The data:
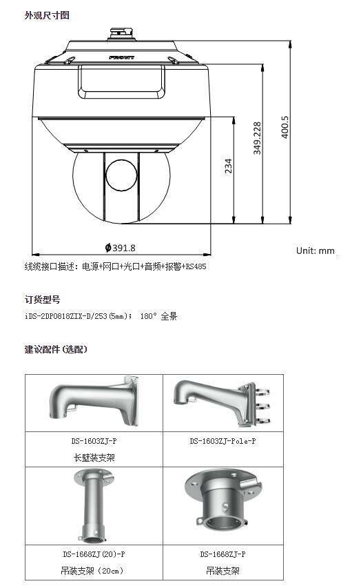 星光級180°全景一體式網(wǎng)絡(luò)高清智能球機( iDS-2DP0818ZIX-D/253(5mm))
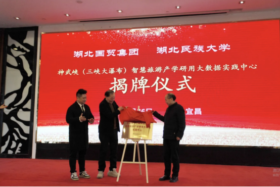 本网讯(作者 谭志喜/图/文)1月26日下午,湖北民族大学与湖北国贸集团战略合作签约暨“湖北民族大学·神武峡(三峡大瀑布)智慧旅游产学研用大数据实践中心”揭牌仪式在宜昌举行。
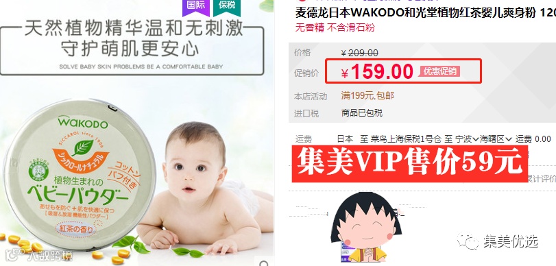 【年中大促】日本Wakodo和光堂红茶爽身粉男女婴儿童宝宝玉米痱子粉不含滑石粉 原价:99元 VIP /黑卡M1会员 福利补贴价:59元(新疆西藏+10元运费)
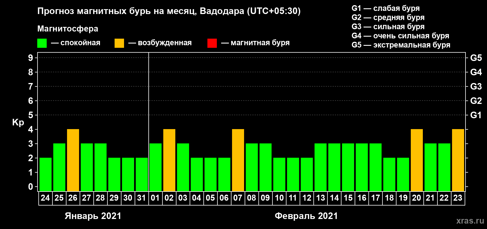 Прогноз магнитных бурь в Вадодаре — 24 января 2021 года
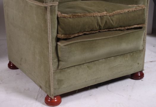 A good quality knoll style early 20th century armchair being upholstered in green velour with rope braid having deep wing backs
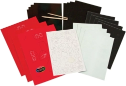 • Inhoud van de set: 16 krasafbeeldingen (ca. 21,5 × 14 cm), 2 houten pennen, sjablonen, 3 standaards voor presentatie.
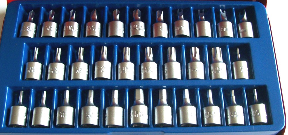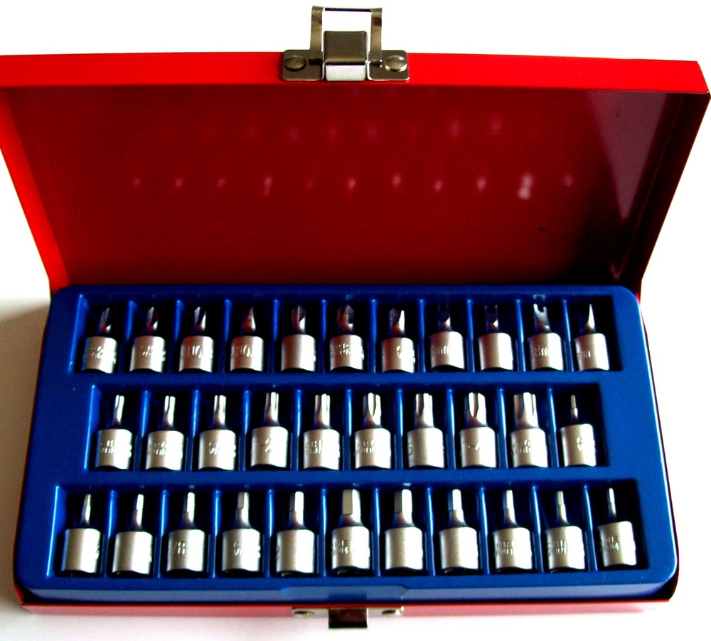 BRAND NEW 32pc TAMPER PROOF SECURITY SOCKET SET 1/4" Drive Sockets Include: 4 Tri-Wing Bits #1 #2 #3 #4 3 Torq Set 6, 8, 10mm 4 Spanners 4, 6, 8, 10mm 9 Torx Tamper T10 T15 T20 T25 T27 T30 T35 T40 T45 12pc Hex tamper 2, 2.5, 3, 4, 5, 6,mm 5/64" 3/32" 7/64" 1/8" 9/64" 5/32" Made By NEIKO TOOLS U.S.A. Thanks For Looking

==

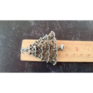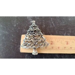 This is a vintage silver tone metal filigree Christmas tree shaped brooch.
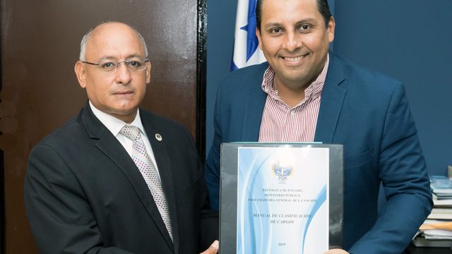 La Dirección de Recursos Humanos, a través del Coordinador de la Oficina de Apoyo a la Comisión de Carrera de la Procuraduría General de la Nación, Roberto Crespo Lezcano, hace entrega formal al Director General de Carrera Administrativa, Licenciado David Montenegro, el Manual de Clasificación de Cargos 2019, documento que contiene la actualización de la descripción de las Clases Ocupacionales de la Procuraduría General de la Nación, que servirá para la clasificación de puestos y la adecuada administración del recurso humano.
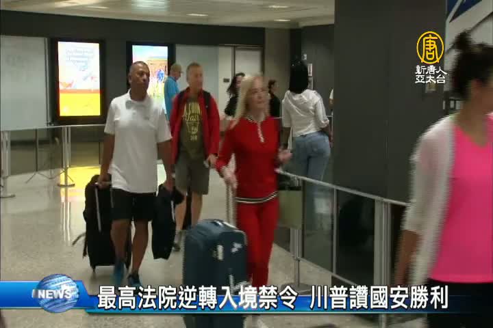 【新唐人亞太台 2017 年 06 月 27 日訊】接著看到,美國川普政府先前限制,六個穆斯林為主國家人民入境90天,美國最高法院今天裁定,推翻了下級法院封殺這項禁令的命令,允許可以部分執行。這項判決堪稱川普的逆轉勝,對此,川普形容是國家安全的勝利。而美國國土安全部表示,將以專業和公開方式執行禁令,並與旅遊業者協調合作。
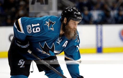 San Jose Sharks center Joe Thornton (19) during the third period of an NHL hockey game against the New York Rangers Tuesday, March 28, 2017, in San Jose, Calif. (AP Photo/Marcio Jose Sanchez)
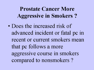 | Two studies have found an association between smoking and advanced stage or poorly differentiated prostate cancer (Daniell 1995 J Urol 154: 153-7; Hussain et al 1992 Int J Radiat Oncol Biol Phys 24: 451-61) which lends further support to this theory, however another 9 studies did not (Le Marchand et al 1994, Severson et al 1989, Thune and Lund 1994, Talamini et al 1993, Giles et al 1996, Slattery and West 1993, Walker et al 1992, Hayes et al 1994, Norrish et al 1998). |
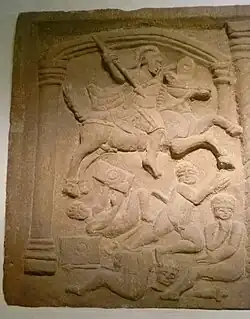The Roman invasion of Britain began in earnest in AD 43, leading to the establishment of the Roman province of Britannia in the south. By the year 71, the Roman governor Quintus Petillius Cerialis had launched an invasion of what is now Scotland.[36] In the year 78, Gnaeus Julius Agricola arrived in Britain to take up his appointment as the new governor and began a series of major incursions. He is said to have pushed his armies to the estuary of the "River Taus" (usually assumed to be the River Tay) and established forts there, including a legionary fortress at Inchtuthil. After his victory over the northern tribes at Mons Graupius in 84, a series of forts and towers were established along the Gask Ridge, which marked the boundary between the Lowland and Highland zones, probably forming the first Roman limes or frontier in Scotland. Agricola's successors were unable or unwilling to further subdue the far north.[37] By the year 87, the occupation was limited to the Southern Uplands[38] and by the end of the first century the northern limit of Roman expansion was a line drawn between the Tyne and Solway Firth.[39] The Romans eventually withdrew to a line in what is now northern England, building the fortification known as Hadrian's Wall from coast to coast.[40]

---

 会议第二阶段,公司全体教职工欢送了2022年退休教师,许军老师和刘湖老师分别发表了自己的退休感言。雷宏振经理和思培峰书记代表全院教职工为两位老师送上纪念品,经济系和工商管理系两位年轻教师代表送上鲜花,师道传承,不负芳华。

Description of the task:
Out of the records above, return only the lines from the one with "星光級180°全景一體式網(wǎng)絡" through the one with "BRAND NEW 32pc", exactly, and none of the pictures.

Result below:
 星光級180°全景一體式網(wǎng)絡(luò)高清智能球機( iDS-2DP0818ZIX-D/253(5mm))
 本网讯(作者 谭志喜/图/文)1月26日下午,湖北民族大学与湖北国贸集团战略合作签约暨“湖北民族大学·神武峡(三峡大瀑布)智慧旅游产学研用大数据实践中心”揭牌仪式在宜昌举行。
 【年中大促】日本Wakodo和光堂红茶爽身粉男女婴儿童宝宝玉米痱子粉不含滑石粉 原价:99元 VIP /黑卡M1会员 福利补贴价:59元(新疆西藏+10元运费)
 Прогноз магнитных бурь в Вадодаре — 24 января 2021 года
 A good quality knoll style early 20th century armchair being upholstered in green velour with rope braid having deep wing backs
 • Inhoud van de set: 16 krasafbeeldingen (ca. 21,5 × 14 cm), 2 houten pennen, sjablonen, 3 standaards voor presentatie.
 BRAND NEW 32pc TAMPER PROOF SECURITY SOCKET SET 1/4" Drive Sockets Include: 4 Tri-Wing Bits #1 #2 #3 #4 3 Torq Set 6, 8, 10mm 4 Spanners 4, 6, 8, 10mm 9 Torx Tamper T10 T15 T20 T25 T27 T30 T35 T40 T45 12pc Hex tamper 2, 2.5, 3, 4, 5, 6,mm 5/64" 3/32" 7/64" 1/8" 9/64" 5/32" Made By NEIKO TOOLS U.S.A. Thanks For Looking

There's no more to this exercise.